● **DATA BLOCK**
——————

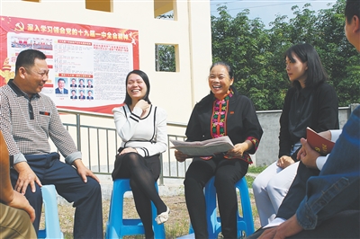 到番打小学上班才一个星期的年轻女教师何小妹、许萍,都是从师范类院校毕业,分别教英语、数学课。望着学校四周绿意盎然的大山,何小妹激动地说:“我对王金花老师的事迹十分钦佩,听了她对十九大精神的宣讲后,更加坚定了我为边远山区教育事业作贡献的决心和信心!”
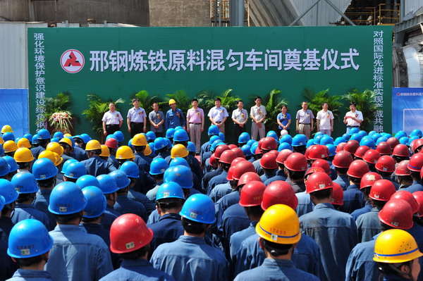6月9日上午,邢鋼在煉鐵廠原料混勻車間舉行了全封閉式料場奠基儀式。邢鋼公司領(lǐng)導(dǎo)及施工、設(shè)計、監(jiān)理單位的有關(guān)負責人和部分員工參加了奠基儀式。
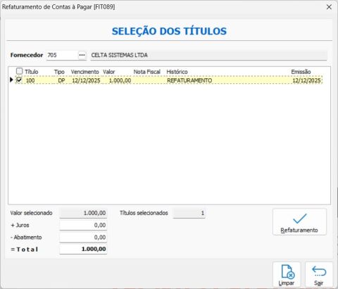 - O sistema exibirá os títulos em aberto vinculados ao fornecedor;

——————

Reprint the listing above verbatim but drop the images.

 到番打小学上班才一个星期的年轻女教师何小妹、许萍,都是从师范类院校毕业,分别教英语、数学课。望着学校四周绿意盎然的大山,何小妹激动地说:“我对王金花老师的事迹十分钦佩,听了她对十九大精神的宣讲后,更加坚定了我为边远山区教育事业作贡献的决心和信心!”
6月9日上午,邢鋼在煉鐵廠原料混勻車間舉行了全封閉式料場奠基儀式。邢鋼公司領(lǐng)導(dǎo)及施工、設(shè)計、監(jiān)理單位的有關(guān)負責人和部分員工參加了奠基儀式。
 - O sistema exibirá os títulos em aberto vinculados ao fornecedor;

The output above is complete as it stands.